つまりは殴り愛
瞬時にコーヒーとの間合いを詰めた不眠は右腕を彼に振るう。だが、その腕はソファーから床に転がるように回避したコーヒーによって空を切る結果に終わる。
「不眠テメェゴラァッ!」
瞬時に体勢を整えたコーヒーが不眠にタックルするように飛びかかる。
「わっ!?」
コーヒーの動きは素早く、回避出来なかった不眠はタックルをもろにくらい、彼の下敷きにされる体勢で床に倒れ込む。不眠は抜け出そうともがくが、体格差がかなりあるためコーヒーはびくともしない。
「ふっ」
勝利を確信したコーヒーはニヤリと笑うと――――
「はーいはいはいはいはい、そこまで」
深夜がコーヒーにファブリーヌをぶっかけた。
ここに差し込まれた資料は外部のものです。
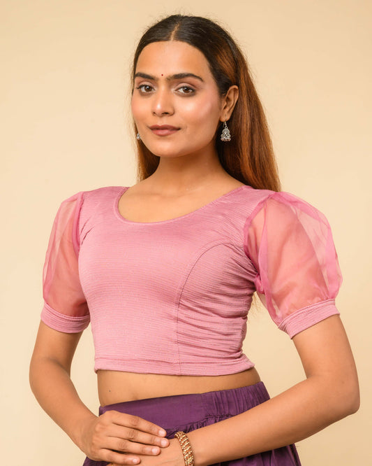 Vaayu Onion Pink Organza Puff Saree Blouse – Designer Stretchable by Advi
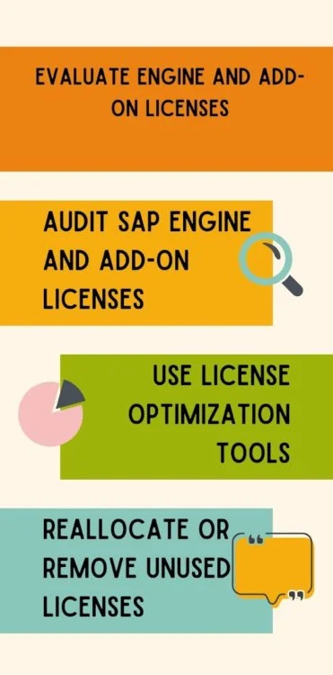 Effectively managing SAP licenses requires a thorough evaluation of both engine and add-on licenses to identify and eliminate unnecessary expenditures. SAP engines are specialized modules that perform specific functions, such as SAP Payroll Processing, which is licensed based on the number of master records, or SAP E-Recruiting, which depends on the number of employees.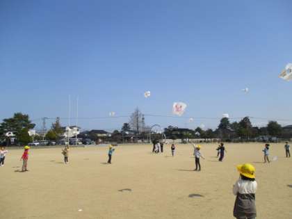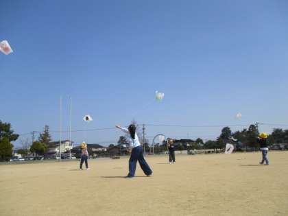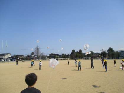 風にのって空高く可愛い凧が上がりました。とても楽しんで活動し、「またやりたい」と言って持ち帰りました。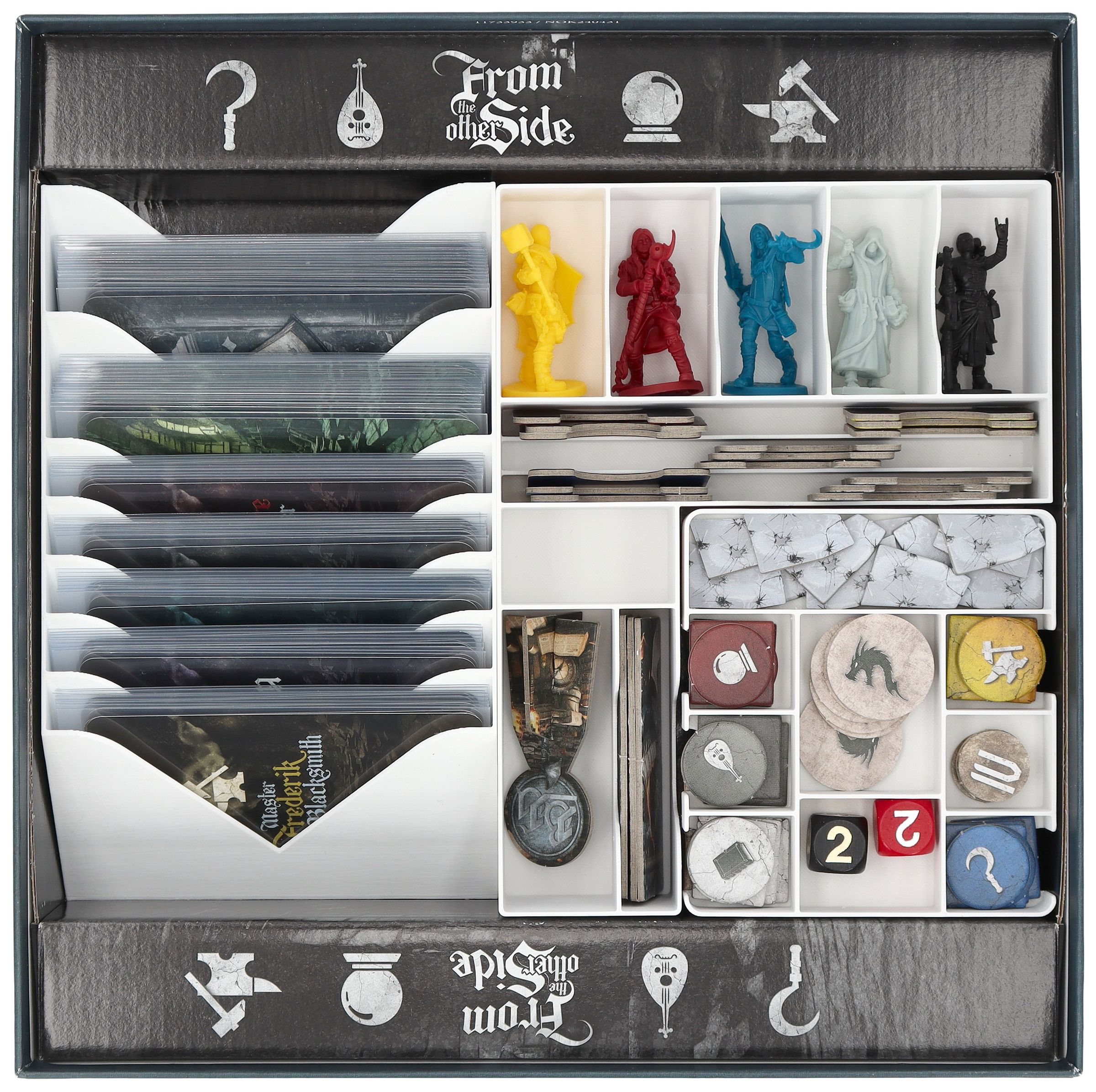 - The Organizer is made of sturdy plastic and fits perfectly into the original board game box from From The Other Side (Organizer dimensions: 285 x 206 x 51 mm).

緑茶成分入りだったらしく、爽やかな香りが辺りに漂う。
「二人とも懲りないよねえ。バカなの?」
「うるさい。コーヒーがカフェイン臭させるのが悪いの。余計眠れない」
「不眠がいきなり殴りかかってきたのが悪いんだよ」
先程までの一触即発、険悪な空気から一転、やけにあっさりと二人は立ち上がり、制服に付いたゴミを払い始める。
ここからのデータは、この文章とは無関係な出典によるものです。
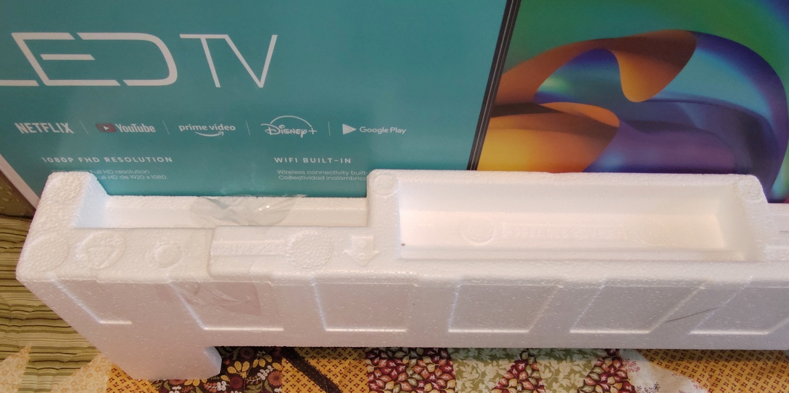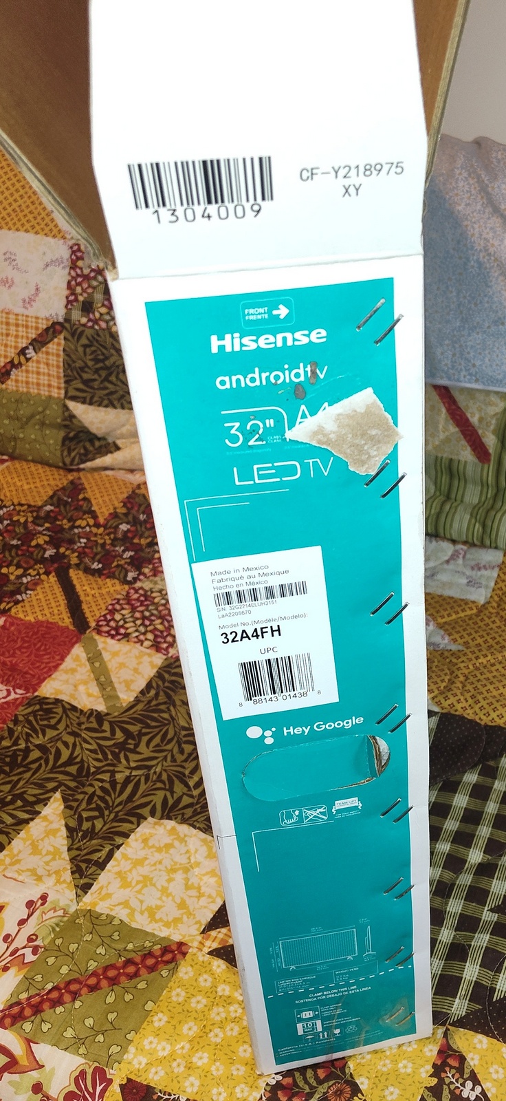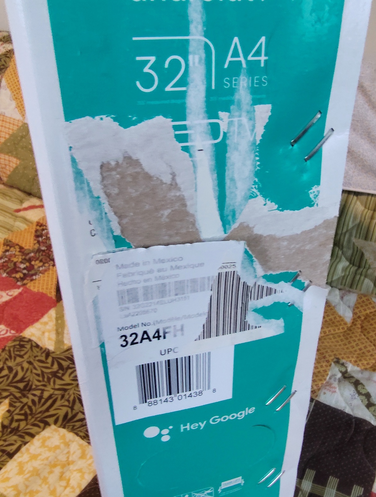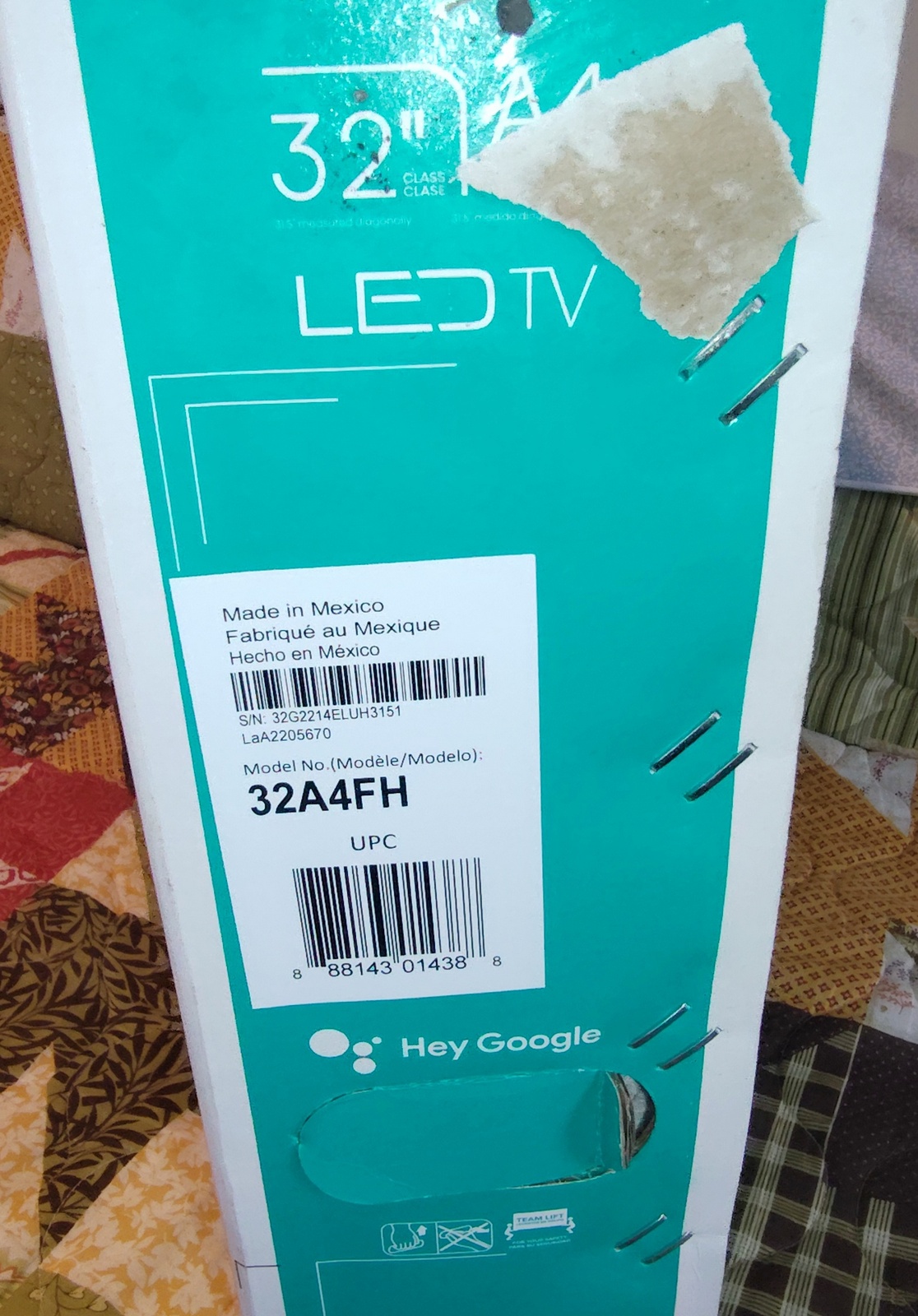 The label on the box says that the TV was manufactured in Mexico, but the box has ‘Guandong Artech Printing Co., Ltd’ and ‘Jiangmen & China’ printed on the bottom. After being passed through the gentle caresses of the United Parcel Service, it’s first job was fulfilled – safely transporting the TV from Mexico to the United States. Now, it’s looking for further employment transporting your 32A4FH TV somewhere!

「コーヒーくんと不眠ちゃんは本当に仲良しさんなのです」
「「どこが?」」
言葉こそつっけんどんだが、二人の声にトゲはなく、ソファーに隣同士に座っている。
不眠とコーヒーは会う度にどちらかが難癖をつけて殴り合い、一見仲が悪く見えるが、決してそんな事はない。寧ろ仲は良い方だ。不眠は眠れない事と又それを友人に心配させてしまっているストレス。コーヒーはその見た目故、周りに理解されにくい事へのやり場のない憤りをそれぞれ抱えている。そのストレスをお互いがお互いを使って発散させているのだ。全力で殴っても大丈夫な相手、それは絶好のストレスの捌け口だろう。不眠のカフェイン臭云々は殴り合う口実でしかない。だから一度殴り合ってストレスを発散させれば、二人とも機嫌良く一緒に遊び始める。
「ほーんと、君らってめんどくさいよねえ?」
「そこが二人の良いところなのですよ」
そんなコーヒーと不眠の様子に深夜は呆れ、ミルクはくすくすと笑った。